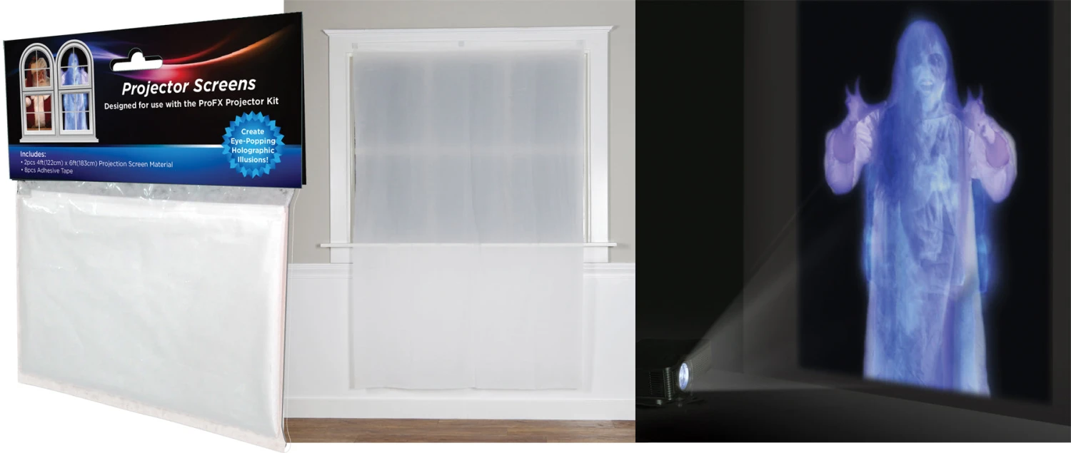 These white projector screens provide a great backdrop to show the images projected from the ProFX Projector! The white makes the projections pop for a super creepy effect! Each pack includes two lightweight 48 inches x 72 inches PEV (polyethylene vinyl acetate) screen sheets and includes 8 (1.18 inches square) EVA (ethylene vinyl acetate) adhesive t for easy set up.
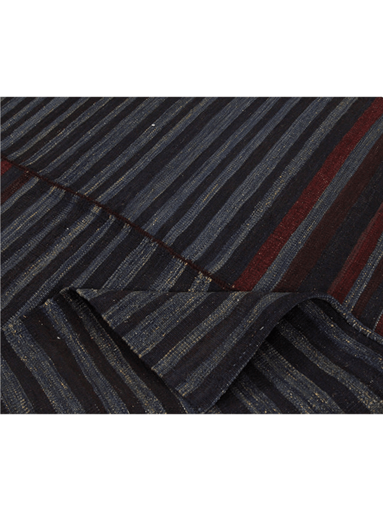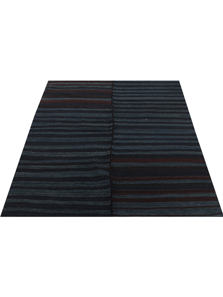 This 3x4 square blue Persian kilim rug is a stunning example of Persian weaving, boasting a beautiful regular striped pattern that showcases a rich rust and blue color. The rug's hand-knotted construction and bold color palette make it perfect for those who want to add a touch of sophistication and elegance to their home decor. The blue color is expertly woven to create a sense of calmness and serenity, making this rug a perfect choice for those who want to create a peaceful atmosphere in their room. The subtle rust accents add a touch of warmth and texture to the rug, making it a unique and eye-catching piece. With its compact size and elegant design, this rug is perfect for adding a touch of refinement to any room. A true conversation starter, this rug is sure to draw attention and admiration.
----
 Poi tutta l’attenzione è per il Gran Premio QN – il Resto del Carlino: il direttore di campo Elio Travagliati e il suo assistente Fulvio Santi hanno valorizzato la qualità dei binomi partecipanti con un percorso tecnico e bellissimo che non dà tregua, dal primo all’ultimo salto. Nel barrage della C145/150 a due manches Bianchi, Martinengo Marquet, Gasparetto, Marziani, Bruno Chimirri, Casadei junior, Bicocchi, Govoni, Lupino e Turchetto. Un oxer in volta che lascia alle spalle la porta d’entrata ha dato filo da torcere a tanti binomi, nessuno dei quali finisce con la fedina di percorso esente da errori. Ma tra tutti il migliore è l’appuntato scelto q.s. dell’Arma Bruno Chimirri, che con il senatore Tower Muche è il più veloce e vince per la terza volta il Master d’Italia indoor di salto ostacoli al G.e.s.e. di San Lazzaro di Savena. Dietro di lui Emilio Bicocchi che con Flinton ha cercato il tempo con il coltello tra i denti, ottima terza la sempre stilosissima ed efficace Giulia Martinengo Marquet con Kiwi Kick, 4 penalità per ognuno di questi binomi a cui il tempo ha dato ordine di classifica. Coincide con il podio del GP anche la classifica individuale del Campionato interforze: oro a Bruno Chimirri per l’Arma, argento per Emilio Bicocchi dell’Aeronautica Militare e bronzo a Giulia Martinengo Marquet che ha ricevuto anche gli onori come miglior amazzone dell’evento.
----
Activity: The material above holds pictures; leave them out and set down exactly the lines from the line with "These white projector" to the line with "This 3x4 square", both included.

Expected answer:
 These white projector screens provide a great backdrop to show the images projected from the ProFX Projector! The white makes the projections pop for a super creepy effect! Each pack includes two lightweight 48 inches x 72 inches PEV (polyethylene vinyl acetate) screen sheets and includes 8 (1.18 inches square) EVA (ethylene vinyl acetate) adhesive t for easy set up.
 This 3x4 square blue Persian kilim rug is a stunning example of Persian weaving, boasting a beautiful regular striped pattern that showcases a rich rust and blue color. The rug's hand-knotted construction and bold color palette make it perfect for those who want to add a touch of sophistication and elegance to their home decor. The blue color is expertly woven to create a sense of calmness and serenity, making this rug a perfect choice for those who want to create a peaceful atmosphere in their room. The subtle rust accents add a touch of warmth and texture to the rug, making it a unique and eye-catching piece. With its compact size and elegant design, this rug is perfect for adding a touch of refinement to any room. A true conversation starter, this rug is sure to draw attention and admiration.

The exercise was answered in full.